*TASK BRIEF*. Your copy should start at the line with "3)输入车牌号后在点击【下一步】即可发布成功。(如下图)" and end at the line with "这所学校包含许多通用空间:实" in the data below. Transcribe only those lines, exactly, pictures excluded.

*DATA SHOWN*.
BEGIN
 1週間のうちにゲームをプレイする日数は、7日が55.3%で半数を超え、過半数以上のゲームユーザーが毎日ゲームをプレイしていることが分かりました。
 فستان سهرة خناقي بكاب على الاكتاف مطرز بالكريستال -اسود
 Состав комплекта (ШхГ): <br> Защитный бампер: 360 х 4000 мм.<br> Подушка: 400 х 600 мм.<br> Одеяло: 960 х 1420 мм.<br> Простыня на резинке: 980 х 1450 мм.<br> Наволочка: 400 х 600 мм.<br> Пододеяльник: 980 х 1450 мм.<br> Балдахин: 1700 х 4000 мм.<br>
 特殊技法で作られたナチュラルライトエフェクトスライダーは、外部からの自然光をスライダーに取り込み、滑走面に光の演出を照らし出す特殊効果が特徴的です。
END
BEGIN
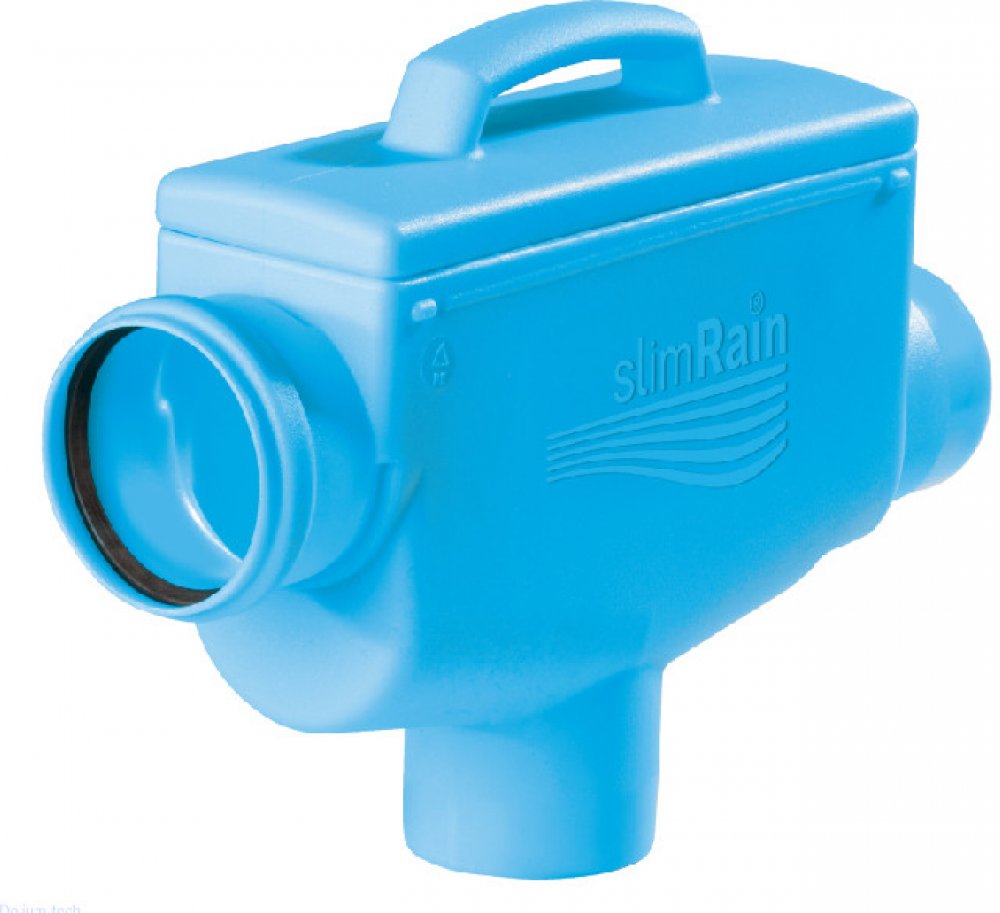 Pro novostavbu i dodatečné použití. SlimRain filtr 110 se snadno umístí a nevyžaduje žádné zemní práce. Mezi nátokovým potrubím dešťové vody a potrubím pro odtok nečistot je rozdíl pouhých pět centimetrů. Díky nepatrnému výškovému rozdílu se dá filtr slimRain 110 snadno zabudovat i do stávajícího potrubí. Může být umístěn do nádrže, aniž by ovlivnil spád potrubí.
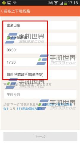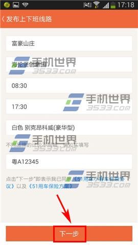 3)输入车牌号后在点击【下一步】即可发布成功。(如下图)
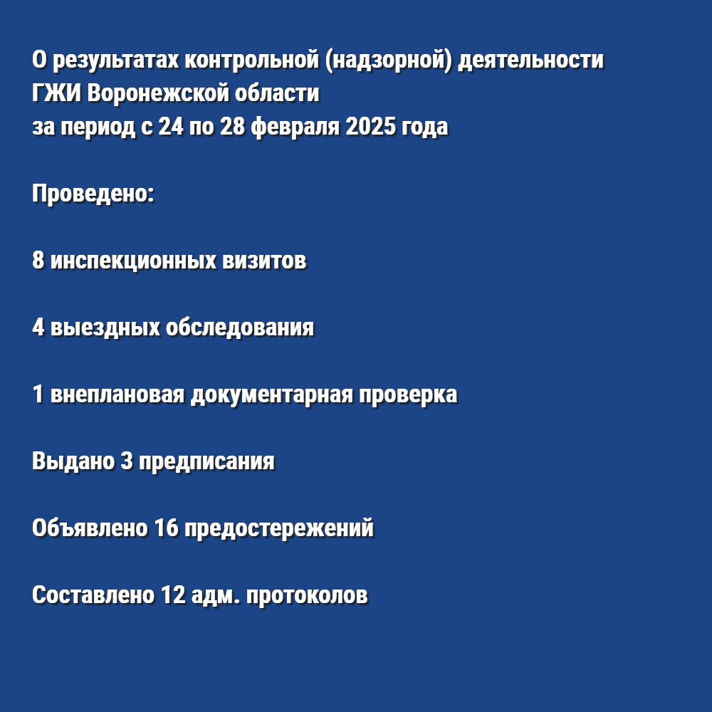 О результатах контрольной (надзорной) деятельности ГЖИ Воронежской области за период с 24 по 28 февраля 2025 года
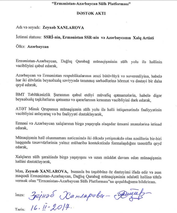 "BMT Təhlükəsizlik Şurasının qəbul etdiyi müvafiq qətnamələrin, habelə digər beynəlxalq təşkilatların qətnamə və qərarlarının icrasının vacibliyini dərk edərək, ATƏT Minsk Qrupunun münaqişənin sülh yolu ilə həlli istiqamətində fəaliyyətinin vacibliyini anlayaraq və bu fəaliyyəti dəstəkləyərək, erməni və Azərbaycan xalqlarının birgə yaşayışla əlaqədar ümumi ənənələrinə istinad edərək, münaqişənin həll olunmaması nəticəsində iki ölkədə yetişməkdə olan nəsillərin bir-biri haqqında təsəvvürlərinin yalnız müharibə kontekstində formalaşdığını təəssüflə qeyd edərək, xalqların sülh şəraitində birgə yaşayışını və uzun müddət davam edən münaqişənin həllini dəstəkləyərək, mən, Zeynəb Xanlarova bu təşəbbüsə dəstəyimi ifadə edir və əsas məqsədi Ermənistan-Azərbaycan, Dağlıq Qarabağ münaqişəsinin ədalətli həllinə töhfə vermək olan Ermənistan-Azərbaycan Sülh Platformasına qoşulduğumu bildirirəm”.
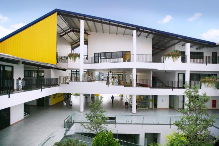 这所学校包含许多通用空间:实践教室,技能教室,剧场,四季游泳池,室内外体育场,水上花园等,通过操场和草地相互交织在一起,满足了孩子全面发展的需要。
END
BEGIN
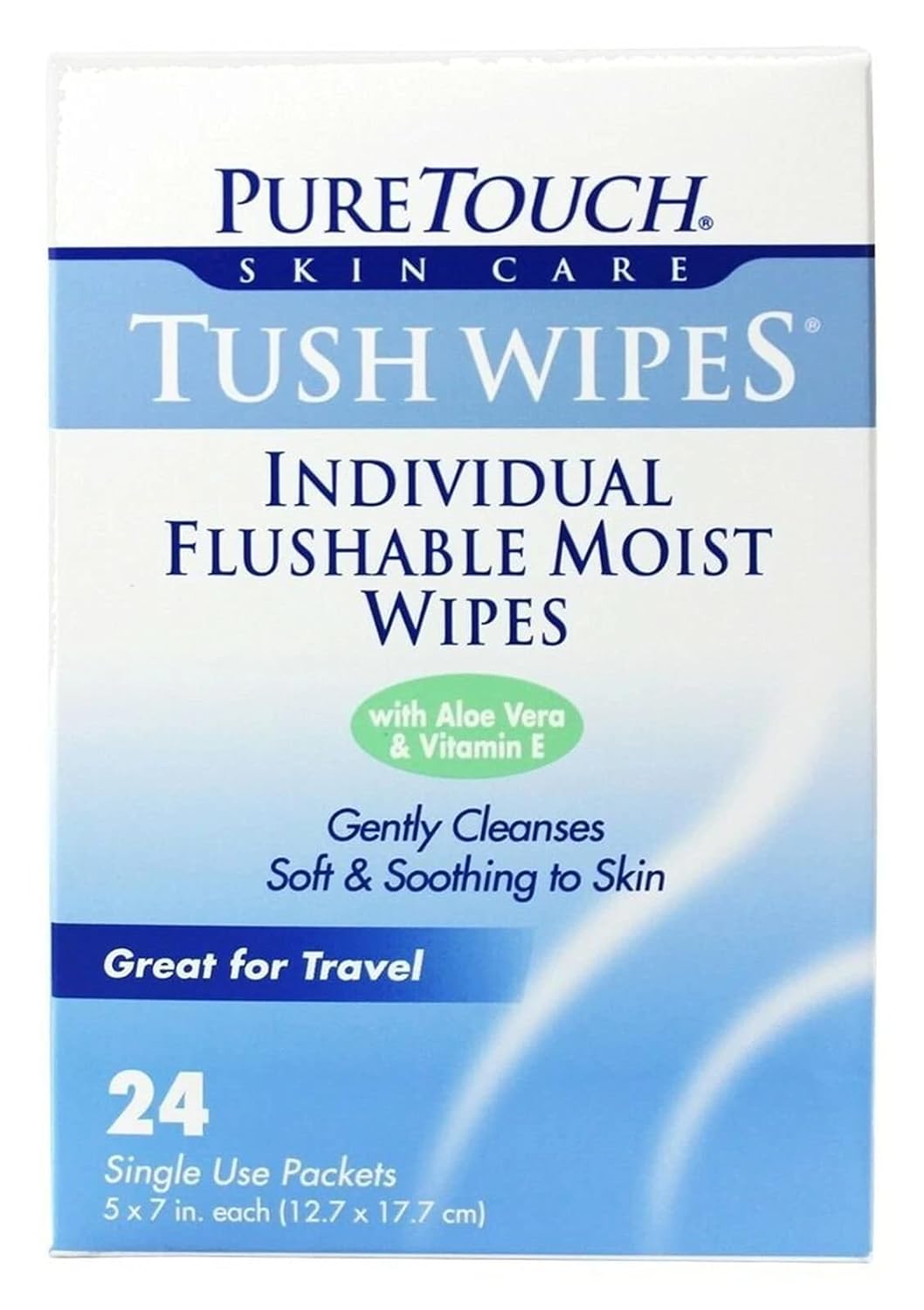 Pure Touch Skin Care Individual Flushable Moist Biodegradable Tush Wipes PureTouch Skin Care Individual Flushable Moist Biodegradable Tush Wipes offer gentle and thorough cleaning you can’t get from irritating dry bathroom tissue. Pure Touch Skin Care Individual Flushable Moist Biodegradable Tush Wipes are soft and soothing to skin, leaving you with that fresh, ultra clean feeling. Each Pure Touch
END
*RESPONSE TO THIS EXERCISE*.
 3)输入车牌号后在点击【下一步】即可发布成功。(如下图)
 О результатах контрольной (надзорной) деятельности ГЖИ Воронежской области за период с 24 по 28 февраля 2025 года
 "BMT Təhlükəsizlik Şurasının qəbul etdiyi müvafiq qətnamələrin, habelə digər beynəlxalq təşkilatların qətnamə və qərarlarının icrasının vacibliyini dərk edərək, ATƏT Minsk Qrupunun münaqişənin sülh yolu ilə həlli istiqamətində fəaliyyətinin vacibliyini anlayaraq və bu fəaliyyəti dəstəkləyərək, erməni və Azərbaycan xalqlarının birgə yaşayışla əlaqədar ümumi ənənələrinə istinad edərək, münaqişənin həll olunmaması nəticəsində iki ölkədə yetişməkdə olan nəsillərin bir-biri haqqında təsəvvürlərinin yalnız müharibə kontekstində formalaşdığını təəssüflə qeyd edərək, xalqların sülh şəraitində birgə yaşayışını və uzun müddət davam edən münaqişənin həllini dəstəkləyərək, mən, Zeynəb Xanlarova bu təşəbbüsə dəstəyimi ifadə edir və əsas məqsədi Ermənistan-Azərbaycan, Dağlıq Qarabağ münaqişəsinin ədalətli həllinə töhfə vermək olan Ermənistan-Azərbaycan Sülh Platformasına qoşulduğumu bildirirəm”.
 这所学校包含许多通用空间:实践教室,技能教室,剧场,四季游泳池,室内外体育场,水上花园等,通过操场和草地相互交织在一起,满足了孩子全面发展的需要。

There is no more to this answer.